• Prompt
Each line from the one holding "大江湿原にひっそりと咲くこの" to the last line of the listing must be set down exactly. No pictures are to be included.
Data excerpt START
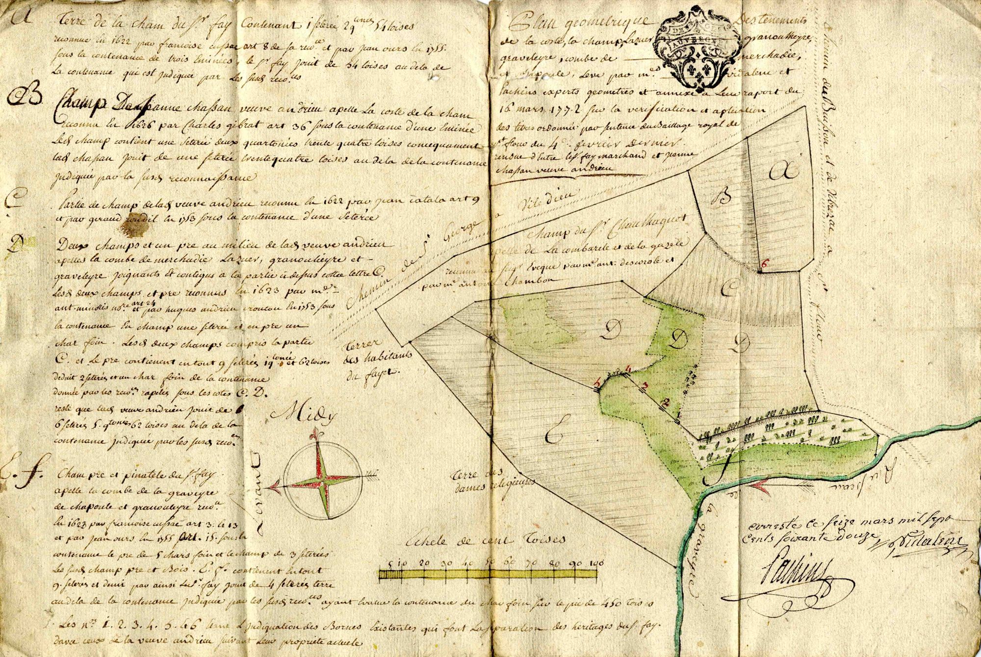 Plan de terres situées au village du Fayet à Saint-Flour (16 mars 1772)
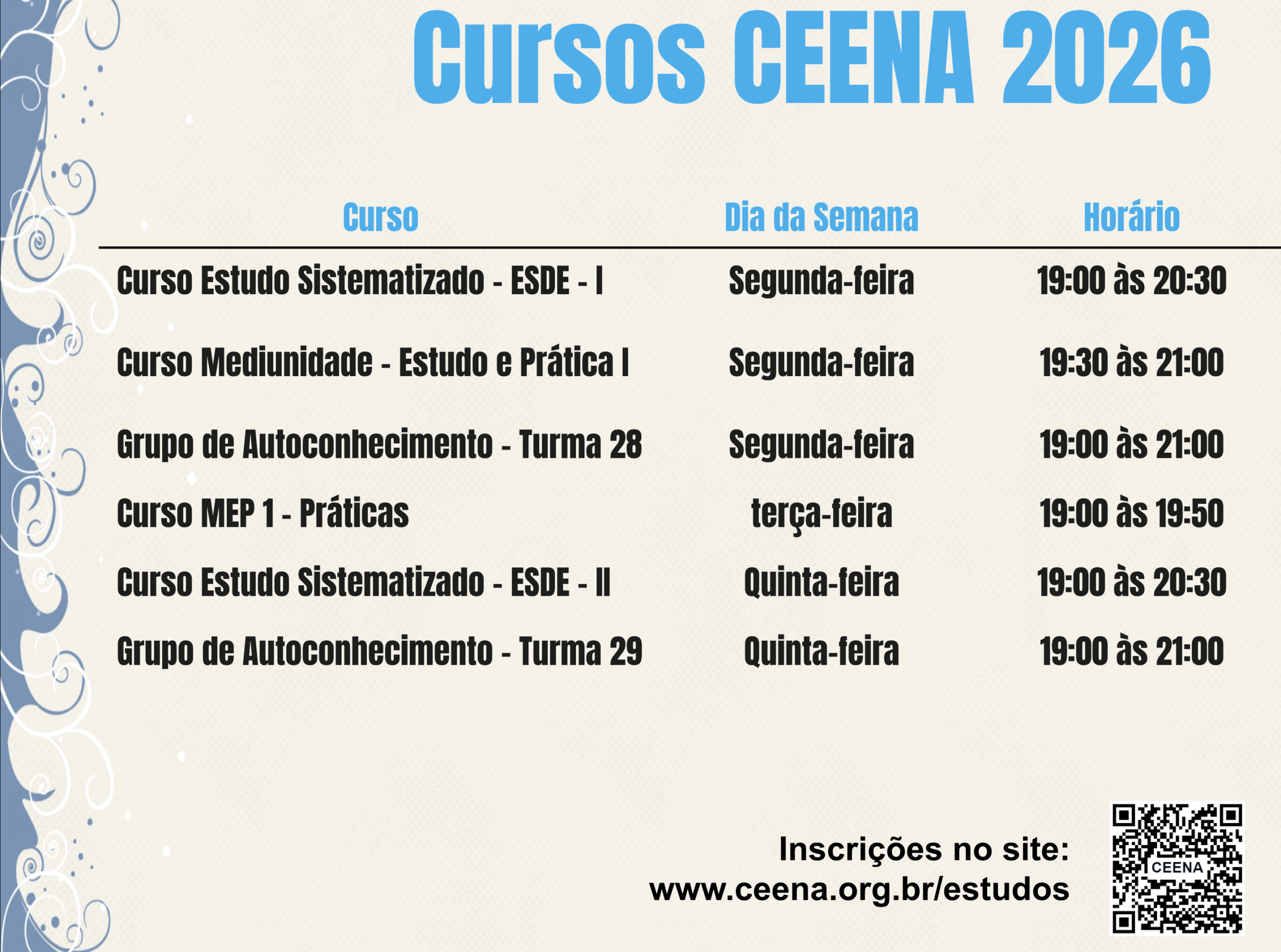 Estudo, Trabalho e Renovação Interior, estas são as bases fundamentais do processo iniciático realizado através dos Cursos da Doutrina dos Espíritos na CEENA e que entendemos deve se manter após conclusão dos mesmos.
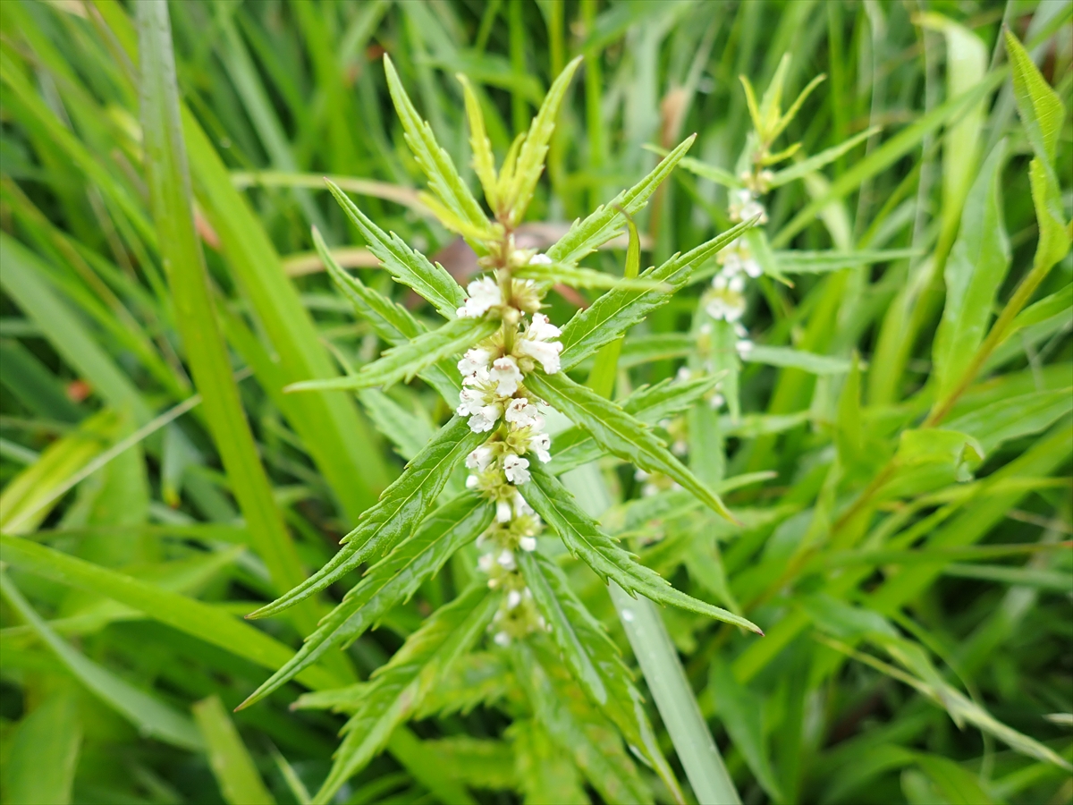 大江湿原にひっそりと咲くこのお花は、ヒメシロネといいます。葉腋上部に白い小さなお花をつけ、背も低いためあまり目立ちませんが、お花をよく見るととても可憐です。
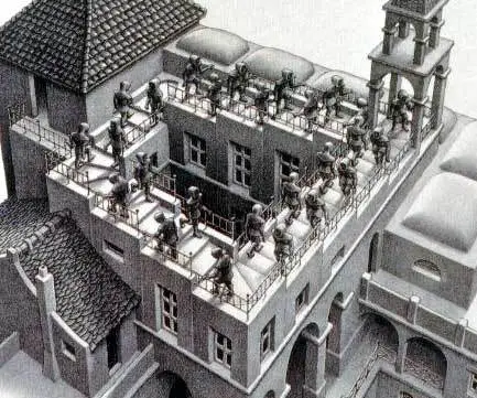 우주 끝 너머에 무엇이 있는지는 모르지만 우주는 유한하면서도 끝이 없을 수 있다고 말한다. 지구 표면을 한쪽 방향으로 쭉 걸어가면 끝없이 걷게 되는데 원이기 때문이다. 마찬가지로 3차원 공간도 구부러져 있으면 유한하지만 끝이 없을 수 있다. 뫼비우스의 띠나, 화가 에셔의 계단을 생각해보면 된다. 이 책에선 단테의 신곡에 나오는 내용으로 설명했다. 이런 3차원 공간을 ‘3-구’라고 한다.
Data excerpt END
• Written answer
 大江湿原にひっそりと咲くこのお花は、ヒメシロネといいます。葉腋上部に白い小さなお花をつけ、背も低いためあまり目立ちませんが、お花をよく見るととても可憐です。
 우주 끝 너머에 무엇이 있는지는 모르지만 우주는 유한하면서도 끝이 없을 수 있다고 말한다. 지구 표면을 한쪽 방향으로 쭉 걸어가면 끝없이 걷게 되는데 원이기 때문이다. 마찬가지로 3차원 공간도 구부러져 있으면 유한하지만 끝이 없을 수 있다. 뫼비우스의 띠나, 화가 에셔의 계단을 생각해보면 된다. 이 책에선 단테의 신곡에 나오는 내용으로 설명했다. 이런 3차원 공간을 ‘3-구’라고 한다.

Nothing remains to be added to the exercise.